ESC 2017 – Cancer death decrease might not save Cantos
Novartis's anti-inflammatory drug Ilaris has struggled to make its mark in cardiovascular disease, with just one dose – and not the highest one – meeting the primary endpoint of the Cantos study and the full data revealing an increased risk of fatal infection.
Despite this the Swiss group is determined to put a brave face on things, pushing on with a cardiovascular filing slated for the fourth quarter. Surprisingly, a large part of the discussion at the European Society of Cardiology meeting, where the data were presented today, focused on an intriguing – but exploratory – finding of a decrease in cancer deaths, which Novartis plans to investigate further.
Cantos tested three doses of the anti-IL-1 beta MAb – 50mg, 150mg and 300mg – with a primary endpoint of major adverse cardiovascular events (MACE), a composite of cardiovascular death, non-fatal myocardial infarction and stroke.
Novartis had already reported that it had met this endpoint and the full details, which were also published simultaneously in the NEJM, had been awaited eagerly (Cantos could make Ilaris a blockbuster, June 22, 2017).
There can be only one
The company’s big moment fell somewhat flat, with only the 150mg dose meeting significance when adjusted for multiplicity. The respective reductions in MACE were 7%, 15% and 14% for the 50mg, 150mg and 300mg doses.
And the win with the 150mg dose was driven by a 24% reduction in myocardial infarction, with the other components of the composite endpoint not showing a significant improvement. There was a numerical cardiovascular mortality benefit, with a 10% reduction, and a neutral effect on stroke, said Novartis’s chief medical officer, Vas Narasimhan, during a media call.
The 300mg dose did not meet significance. The lead investigator of Cantos, Paul Ridker of the Brigham and Women's Hospital, put this lack of a dose-response down to a “very rigid statistical analysis”, and noted that the reductions seen in the 150mg and 300mg arms were almost identical.
Nevertheless, the results are a blow to Novartis, particularly when added to the increase in fatal infection seen with Ilaris in Cantos.
Dr Ridker seemed to think that this side effect would be manageable, saying that patients receiving Ilaris would merely need to be monitored for early signs of infection, in a similar way to patients on other anti-inflammatory biologics. Any infections could then be treated early using antibiotics.
Novartis was also encouraged by findings in high responders, based on levels of high sensitivity C-reactive protein (hsCRP), a marker of inflammation.

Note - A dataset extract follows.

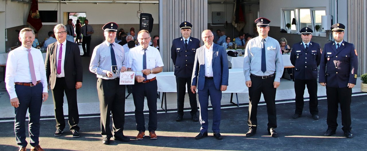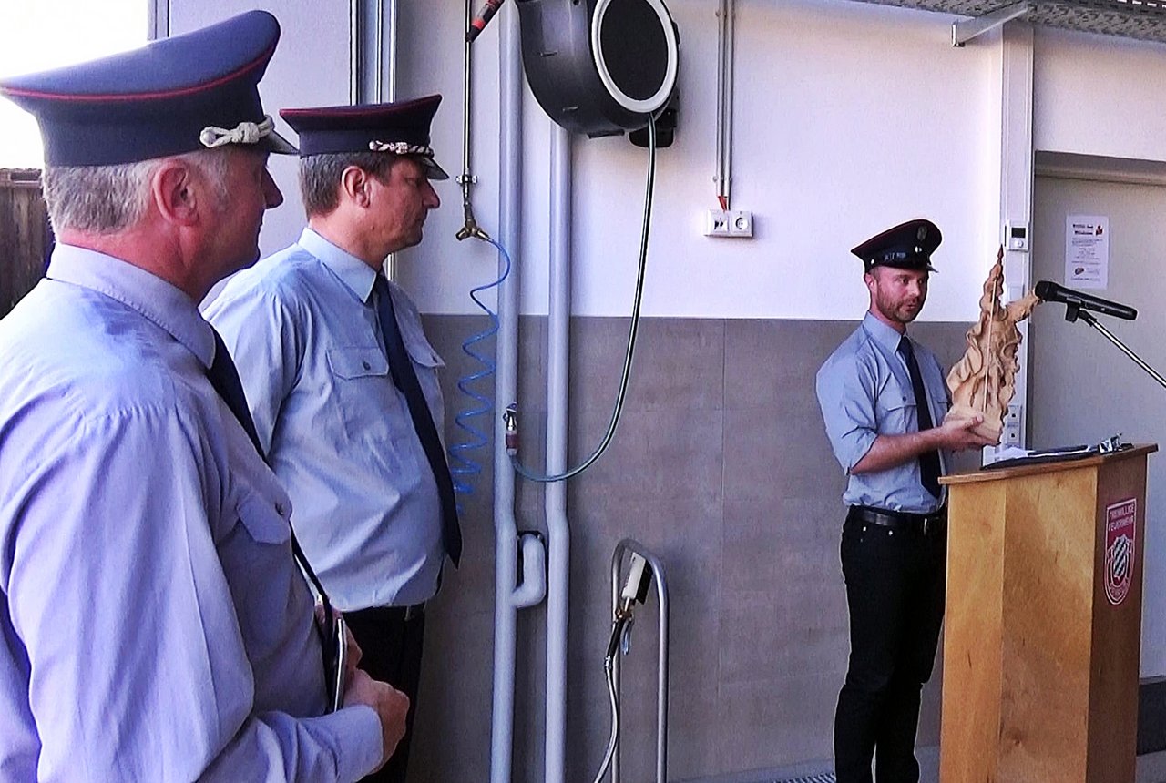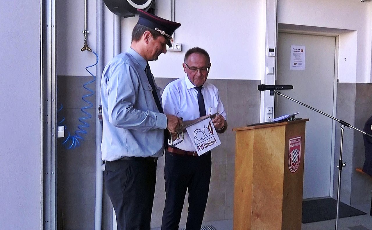Albert Nickl und Tobias Reis beglückwünschten die Wehr ebenso: „Kameradschaft ist wichtig und dies hier ist ein Gemeinschaftsprojekt!“. Kreisbrandrat Marco Saller bekräftige: „Wir wissen was wir an Dießfurt haben“. Florian Eckert hatte noch ein symbolträchtiges Geschenk für das neue Feuerwehrhaus dabei. Er übergab der Vorstandschaft einen holzgeschnitzten Florian für das „Florians Stüberl“.

In this subgroup analysis, described variously as both pre-specified and exploratory, high responders, classified as those with an hsCRP value below the median at three months after the first injection of Ilaris, had a 27% reduction in cardiovascular events.
Responders could be easily identified by measuring hsCRP levels after initial treatment, similarly to how cholesterol levels are monitored in patients given statins, Dr Ridker said.

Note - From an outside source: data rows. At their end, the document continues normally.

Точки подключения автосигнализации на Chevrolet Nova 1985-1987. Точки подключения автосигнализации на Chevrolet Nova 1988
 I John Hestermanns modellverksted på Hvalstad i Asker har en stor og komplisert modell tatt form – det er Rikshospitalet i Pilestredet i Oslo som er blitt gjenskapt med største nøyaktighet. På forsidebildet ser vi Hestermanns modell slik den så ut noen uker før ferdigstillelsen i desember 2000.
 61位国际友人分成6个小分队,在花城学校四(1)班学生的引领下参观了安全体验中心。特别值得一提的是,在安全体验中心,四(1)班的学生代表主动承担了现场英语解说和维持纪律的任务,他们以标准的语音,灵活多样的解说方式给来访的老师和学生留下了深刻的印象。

He believes that there are two distinct types of cardiovascular disease patient: those with residual cholesterol risk, who are currently treated with cholesterol-lowering drugs like statins and PCSK9 inhibitors, and those with residual inflammatory risk, who might benefit from the likes of Ilaris.
Ilaris’s anti-inflammatory effect could also make it useful in cancer, Novartis hopes. In another analysis that was also said to be both pre-planned and exploratory, Cantos found a 51% reduction in death from any cancer, and a 77% reduction in death from lung cancer.
Chronic inflammation can affect tumour initiation, invasiveness and metastatic progression, and is strongly linked with lung cancer in particular, Dr Ridker noted.
Mr Narasimhan said Novartis would discuss with the FDA whether the oncology data can be included in any new cardiovascular label; the company also plans to start a phase III trial in non-small cell lung cancer.
Getting approval in such different indications could raise questions about pricing: Ilaris is currently only marketed for rare diseases, and costs around $64,000 per year, a figure that would raise eyebrows in cardiology – but perhaps not the oncology – world.
But this would be a nice problem for Novartis for have. For now it has to focus on convincing the FDA that the Cantos data are enough for Ilaris to get approval in cardiovascular disease.